This notebook demonstrates an approach to query data in EpiGraphDB to prioritize potential alternative drug targets in the same PPI network for Inflammatory Bowel Disease (IBD), as follows:

  • For an existing drug target of interests, we use PPI networks to search for its directly interacting genes that are evidenced to be druggable.
  • We then examine the causal evidence of these candidate genes on the disease.
  • We also examine the literature evidence of these candidate genes on the disease.
  • Then we query the metadata including meta nodes and meta edges and the overall schema.
In [1]:
import json
from pprint import pprint
from pprint import pformat
import matplotlib
import matplotlib.pyplot as plt

get_ipython().run_line_magic("config", "InlineBackend.figure_format = 'svg'")
import networkx as nx
import requests
import pandas as pd

First, we will ping the API to check our connection. Here we use the .get() method to send a GET request to the /ping endpoint of the API.

In [2]:
API_URL = "https://api.epigraphdb.org"
endpoint = "/ping"
response_object = requests.get(API_URL + endpoint)
GENE_NAME = "IL23R"
OUTCOME_TRAIT = "Inflammatory bowel disease"

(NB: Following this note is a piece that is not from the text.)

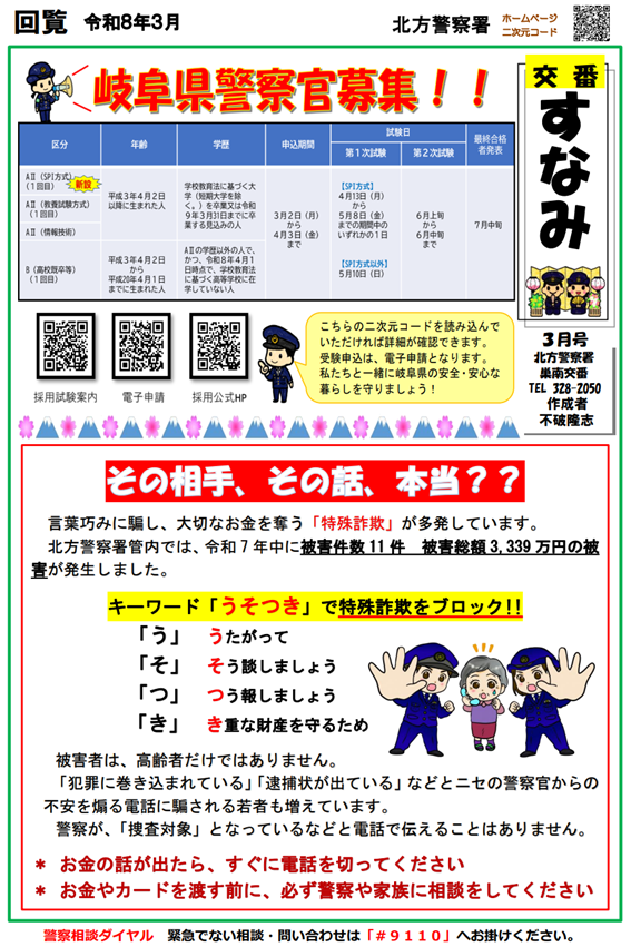 【北方警察署】巣南交番 ミニ広報紙 令和8年3月号発行

# Check that the ping was sucessful
try:
    response_object.raise_for_status()
    print("If this line gets printed, ping was sucessful.")
except requests.exceptions.HTTPError as err:
    print(err)

If this line gets printed, ping was sucessful.

1. Using PPI networks for alternative drug targets search¶

The assumption here is that the most likely alternative targets are either directly interacting with IL23R or somewhere in the PPI network. In this example, we consider only genes that were found to interact with IL23R via direct protein-protein interactions, and require that those interacting proteins should also be druggable.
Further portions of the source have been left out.